## Task to complete
Once you find the line containing "Modern Beyaz Çalışma" in the data below, copy it and each following line exactly, up to and including the line containing "Correa de metal", and nothing else.

## Data to use

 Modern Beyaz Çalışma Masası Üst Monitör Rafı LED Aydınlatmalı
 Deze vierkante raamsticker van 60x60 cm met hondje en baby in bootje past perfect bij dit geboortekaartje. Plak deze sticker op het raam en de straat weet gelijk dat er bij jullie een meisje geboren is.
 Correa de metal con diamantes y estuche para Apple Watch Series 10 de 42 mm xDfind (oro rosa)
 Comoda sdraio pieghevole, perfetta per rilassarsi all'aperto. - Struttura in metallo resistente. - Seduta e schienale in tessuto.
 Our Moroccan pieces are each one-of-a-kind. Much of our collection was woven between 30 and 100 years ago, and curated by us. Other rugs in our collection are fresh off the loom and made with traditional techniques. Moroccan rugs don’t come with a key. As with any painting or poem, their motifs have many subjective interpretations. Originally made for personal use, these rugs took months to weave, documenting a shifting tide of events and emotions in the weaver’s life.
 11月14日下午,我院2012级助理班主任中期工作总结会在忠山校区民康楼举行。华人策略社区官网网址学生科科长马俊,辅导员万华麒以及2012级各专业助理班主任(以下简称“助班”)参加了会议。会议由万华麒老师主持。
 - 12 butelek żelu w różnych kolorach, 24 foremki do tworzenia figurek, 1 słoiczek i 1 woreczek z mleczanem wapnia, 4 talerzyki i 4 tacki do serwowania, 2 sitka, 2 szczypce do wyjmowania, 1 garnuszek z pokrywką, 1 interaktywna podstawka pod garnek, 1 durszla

==

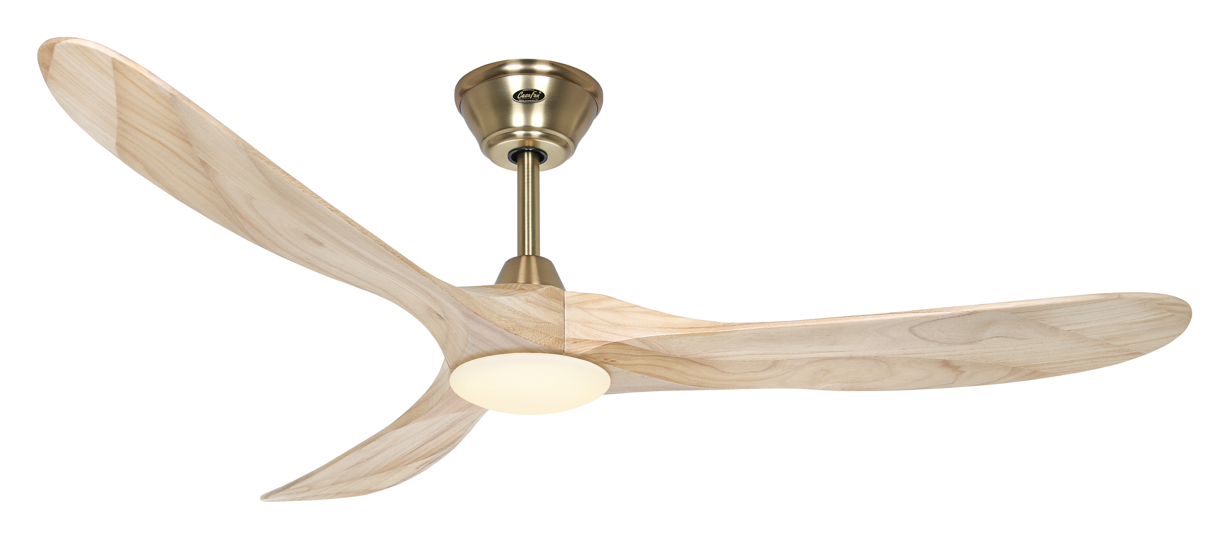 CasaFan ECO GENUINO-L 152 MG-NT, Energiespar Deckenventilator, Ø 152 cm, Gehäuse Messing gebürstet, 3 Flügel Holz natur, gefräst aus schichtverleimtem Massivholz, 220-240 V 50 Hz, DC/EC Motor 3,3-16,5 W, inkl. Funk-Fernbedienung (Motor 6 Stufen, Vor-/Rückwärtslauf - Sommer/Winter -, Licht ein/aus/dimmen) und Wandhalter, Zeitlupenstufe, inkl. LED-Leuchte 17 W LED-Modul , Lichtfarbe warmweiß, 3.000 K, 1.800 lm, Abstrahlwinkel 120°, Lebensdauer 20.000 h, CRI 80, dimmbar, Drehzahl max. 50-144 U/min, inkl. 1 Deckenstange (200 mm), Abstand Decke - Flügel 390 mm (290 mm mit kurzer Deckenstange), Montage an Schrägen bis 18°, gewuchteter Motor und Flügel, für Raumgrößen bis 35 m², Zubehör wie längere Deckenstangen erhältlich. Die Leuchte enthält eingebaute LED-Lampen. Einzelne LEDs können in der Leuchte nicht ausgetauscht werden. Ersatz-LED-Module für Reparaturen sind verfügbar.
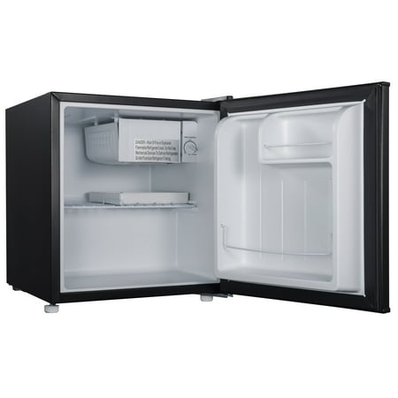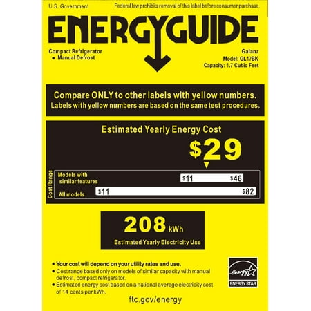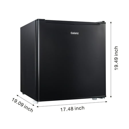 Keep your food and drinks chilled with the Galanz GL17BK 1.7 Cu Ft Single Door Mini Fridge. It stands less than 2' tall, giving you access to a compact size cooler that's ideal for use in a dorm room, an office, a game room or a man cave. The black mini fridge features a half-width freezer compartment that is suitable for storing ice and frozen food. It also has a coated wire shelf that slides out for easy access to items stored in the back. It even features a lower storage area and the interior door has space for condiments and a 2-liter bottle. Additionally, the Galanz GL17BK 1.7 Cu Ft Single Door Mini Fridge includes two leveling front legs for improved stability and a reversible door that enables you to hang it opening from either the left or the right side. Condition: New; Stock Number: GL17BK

...

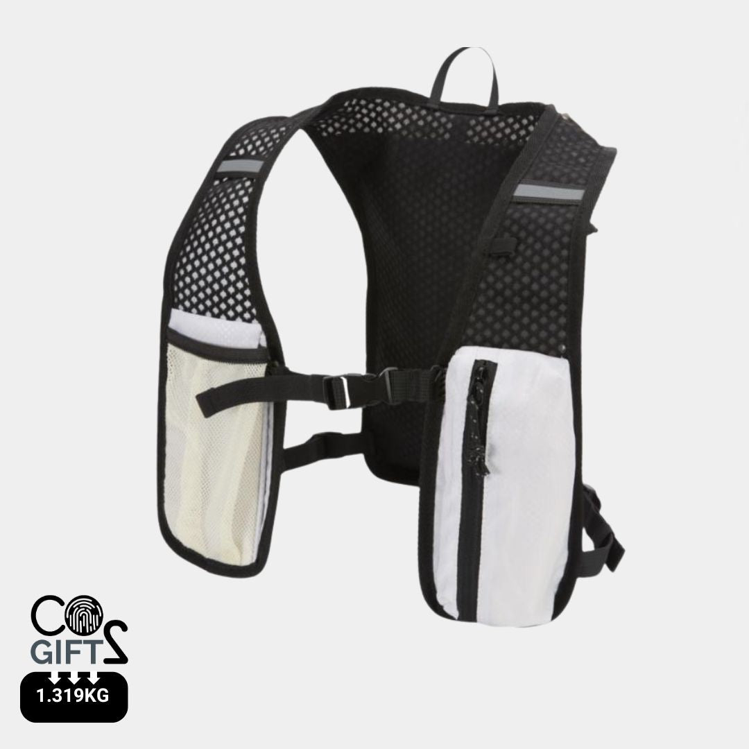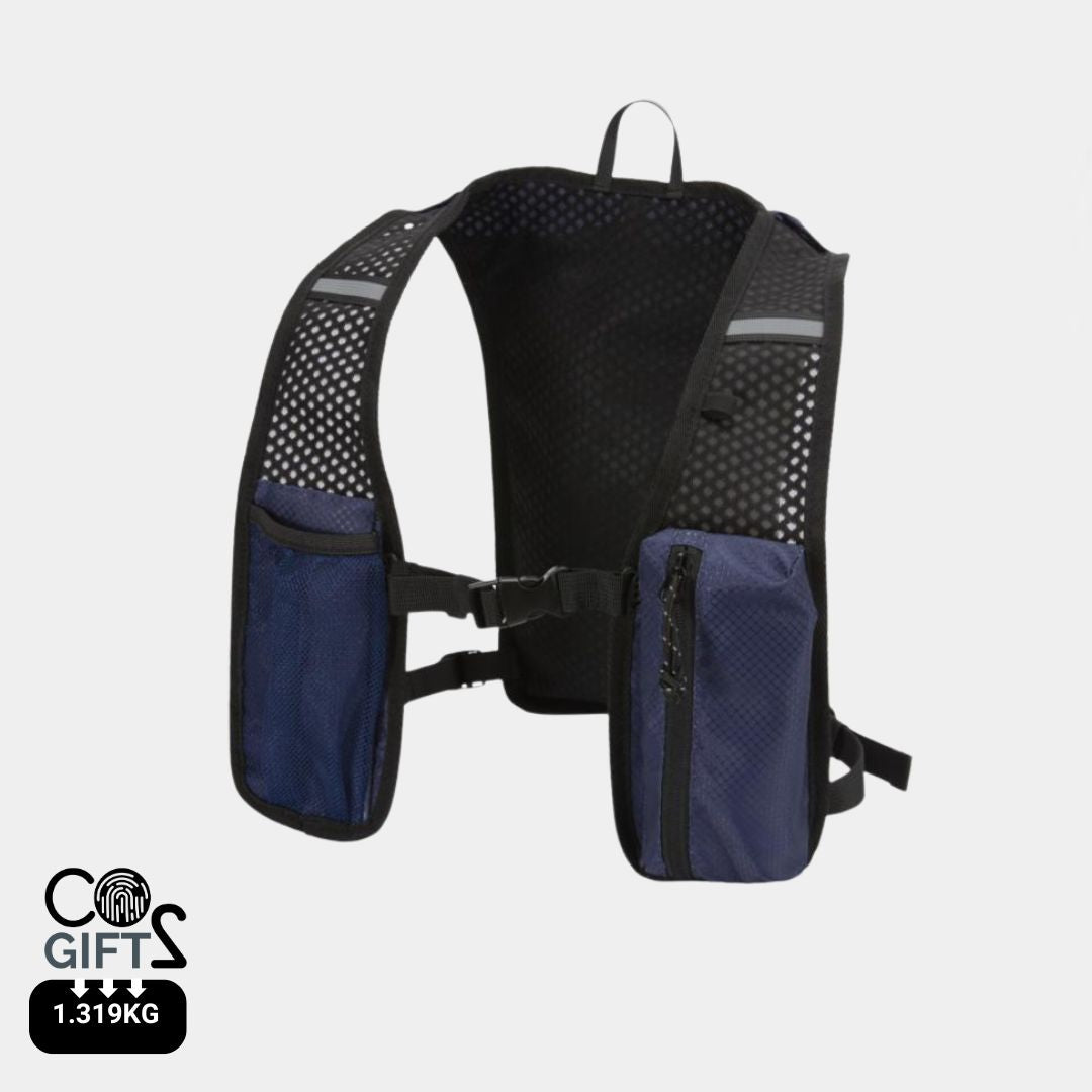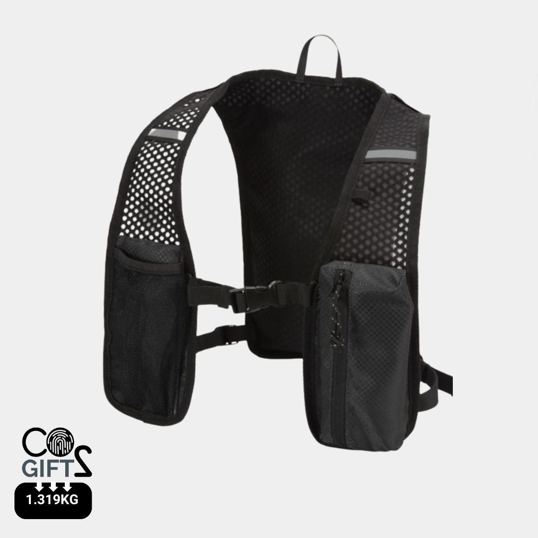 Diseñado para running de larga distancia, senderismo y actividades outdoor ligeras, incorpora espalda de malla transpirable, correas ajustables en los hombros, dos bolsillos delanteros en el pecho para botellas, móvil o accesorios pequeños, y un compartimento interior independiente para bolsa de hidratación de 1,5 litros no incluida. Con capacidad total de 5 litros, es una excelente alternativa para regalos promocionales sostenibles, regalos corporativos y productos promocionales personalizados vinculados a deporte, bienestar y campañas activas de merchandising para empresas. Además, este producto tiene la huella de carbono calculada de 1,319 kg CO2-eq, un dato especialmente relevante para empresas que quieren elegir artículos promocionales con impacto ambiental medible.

## Exercise response
 Modern Beyaz Çalışma Masası Üst Monitör Rafı LED Aydınlatmalı
 Deze vierkante raamsticker van 60x60 cm met hondje en baby in bootje past perfect bij dit geboortekaartje. Plak deze sticker op het raam en de straat weet gelijk dat er bij jullie een meisje geboren is.
 Correa de metal con diamantes y estuche para Apple Watch Series 10 de 42 mm xDfind (oro rosa)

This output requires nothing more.